### WHAT IS REQUIRED
Using the listing below, set down exactly the lines from the one that contains "近日,我校庭院经济科技服务团" through the one that contains "Гастрономическая ёмкость BN-1066", with no pictures.

### INPUT DATA
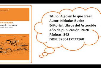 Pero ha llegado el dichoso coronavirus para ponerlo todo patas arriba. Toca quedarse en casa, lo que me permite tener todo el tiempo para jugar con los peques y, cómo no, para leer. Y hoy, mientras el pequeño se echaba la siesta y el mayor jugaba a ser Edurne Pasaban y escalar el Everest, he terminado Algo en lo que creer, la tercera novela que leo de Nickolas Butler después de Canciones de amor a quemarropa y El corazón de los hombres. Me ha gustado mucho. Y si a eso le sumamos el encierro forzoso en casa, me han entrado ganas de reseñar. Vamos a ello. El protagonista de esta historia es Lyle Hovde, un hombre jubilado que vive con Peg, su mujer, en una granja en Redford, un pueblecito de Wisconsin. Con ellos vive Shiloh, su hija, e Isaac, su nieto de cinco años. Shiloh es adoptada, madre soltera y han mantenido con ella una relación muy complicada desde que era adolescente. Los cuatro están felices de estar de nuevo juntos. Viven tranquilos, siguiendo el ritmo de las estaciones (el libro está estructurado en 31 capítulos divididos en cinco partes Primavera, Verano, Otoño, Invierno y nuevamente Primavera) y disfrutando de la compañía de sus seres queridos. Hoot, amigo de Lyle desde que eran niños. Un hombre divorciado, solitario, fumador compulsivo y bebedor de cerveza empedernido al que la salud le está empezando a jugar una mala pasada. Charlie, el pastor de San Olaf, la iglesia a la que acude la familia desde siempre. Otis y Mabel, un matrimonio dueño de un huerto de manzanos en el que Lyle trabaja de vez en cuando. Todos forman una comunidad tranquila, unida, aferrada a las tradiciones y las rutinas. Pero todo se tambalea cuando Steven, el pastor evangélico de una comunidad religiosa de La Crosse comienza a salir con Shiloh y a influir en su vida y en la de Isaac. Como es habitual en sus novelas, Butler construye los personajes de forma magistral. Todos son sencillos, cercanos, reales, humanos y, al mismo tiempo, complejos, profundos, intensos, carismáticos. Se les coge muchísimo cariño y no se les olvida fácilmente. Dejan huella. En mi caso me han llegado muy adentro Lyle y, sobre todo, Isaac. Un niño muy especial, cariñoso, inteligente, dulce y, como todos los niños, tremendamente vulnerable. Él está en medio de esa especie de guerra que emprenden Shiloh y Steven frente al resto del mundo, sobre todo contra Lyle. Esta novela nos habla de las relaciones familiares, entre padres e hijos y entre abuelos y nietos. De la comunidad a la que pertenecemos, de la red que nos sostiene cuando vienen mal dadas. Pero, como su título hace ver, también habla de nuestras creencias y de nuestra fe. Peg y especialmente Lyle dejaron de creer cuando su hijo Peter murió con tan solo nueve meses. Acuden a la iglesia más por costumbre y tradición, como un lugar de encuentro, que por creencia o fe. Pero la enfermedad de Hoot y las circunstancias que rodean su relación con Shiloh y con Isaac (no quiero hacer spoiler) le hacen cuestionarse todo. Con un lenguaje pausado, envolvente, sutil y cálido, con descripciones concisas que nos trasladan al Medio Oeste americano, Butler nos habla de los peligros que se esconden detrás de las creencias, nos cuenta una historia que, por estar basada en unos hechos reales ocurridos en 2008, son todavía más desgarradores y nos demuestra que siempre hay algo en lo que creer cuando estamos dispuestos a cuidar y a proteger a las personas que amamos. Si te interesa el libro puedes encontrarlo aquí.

---

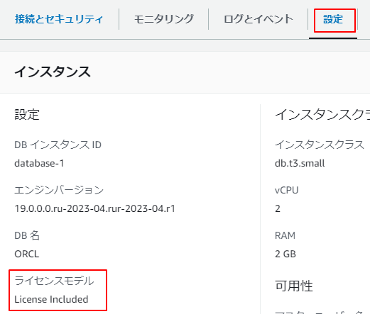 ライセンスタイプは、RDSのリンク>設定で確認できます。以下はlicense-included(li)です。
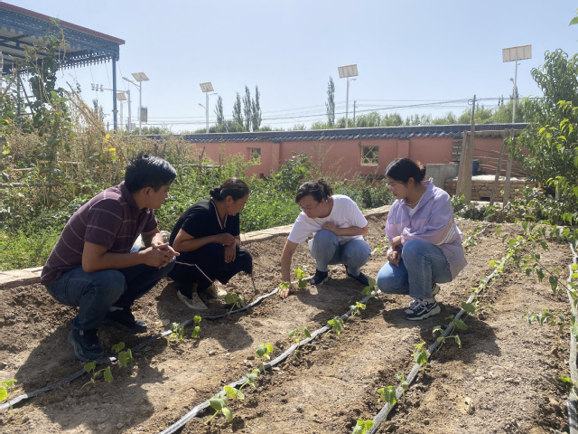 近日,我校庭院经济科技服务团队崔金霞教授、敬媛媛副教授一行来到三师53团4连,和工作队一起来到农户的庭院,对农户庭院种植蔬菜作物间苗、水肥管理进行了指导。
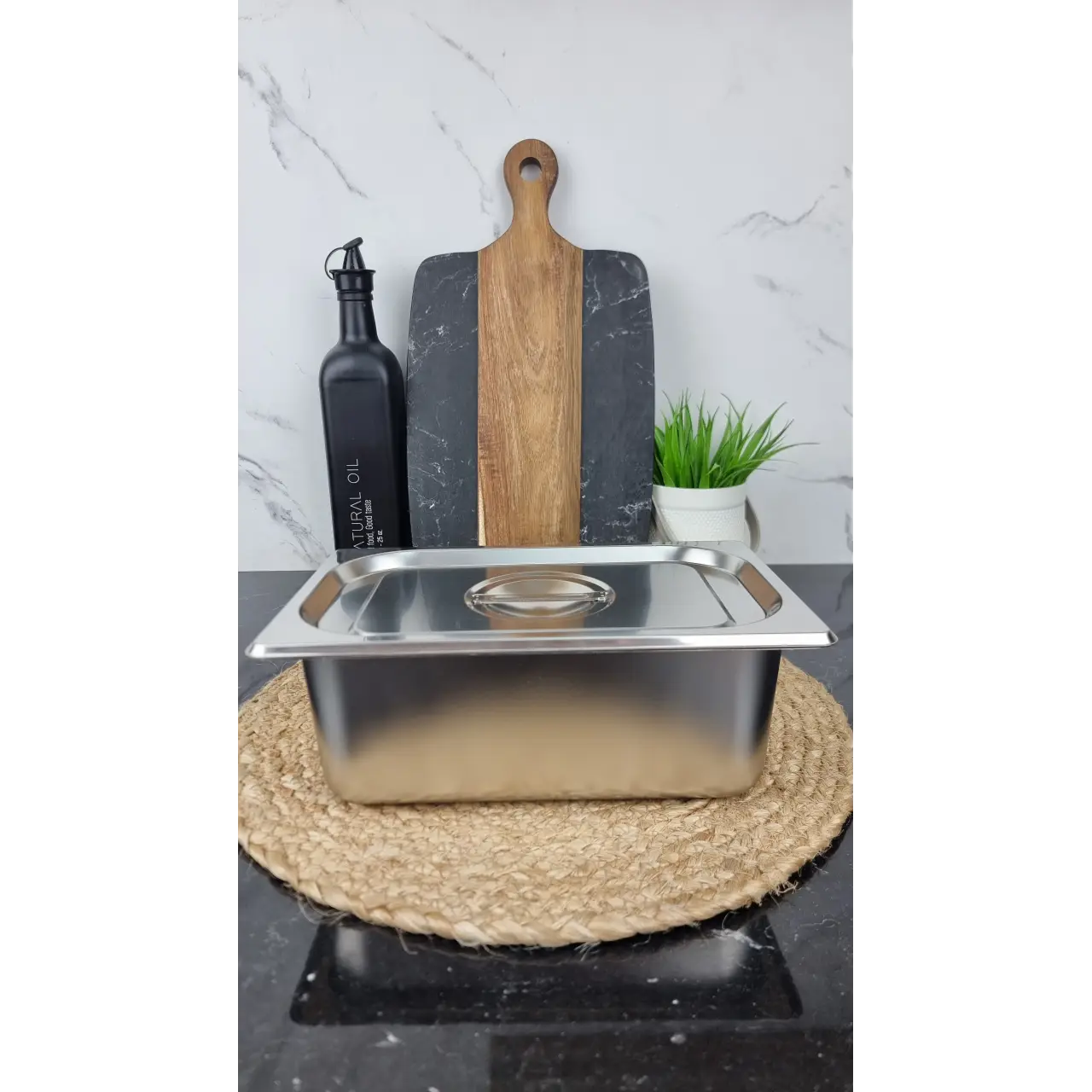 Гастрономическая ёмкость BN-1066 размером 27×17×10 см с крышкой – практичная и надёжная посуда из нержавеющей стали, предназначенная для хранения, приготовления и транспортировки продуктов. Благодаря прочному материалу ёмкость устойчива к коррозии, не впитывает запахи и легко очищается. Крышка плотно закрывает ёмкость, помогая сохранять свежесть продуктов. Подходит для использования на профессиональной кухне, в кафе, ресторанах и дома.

### SOLUTION TO THIS TASK
 近日,我校庭院经济科技服务团队崔金霞教授、敬媛媛副教授一行来到三师53团4连,和工作队一起来到农户的庭院,对农户庭院种植蔬菜作物间苗、水肥管理进行了指导。
 Гастрономическая ёмкость BN-1066 размером 27×17×10 см с крышкой – практичная и надёжная посуда из нержавеющей стали, предназначенная для хранения, приготовления и транспортировки продуктов. Благодаря прочному материалу ёмкость устойчива к коррозии, не впитывает запахи и легко очищается. Крышка плотно закрывает ёмкость, помогая сохранять свежесть продуктов. Подходит для использования на профессиональной кухне, в кафе, ресторанах и дома.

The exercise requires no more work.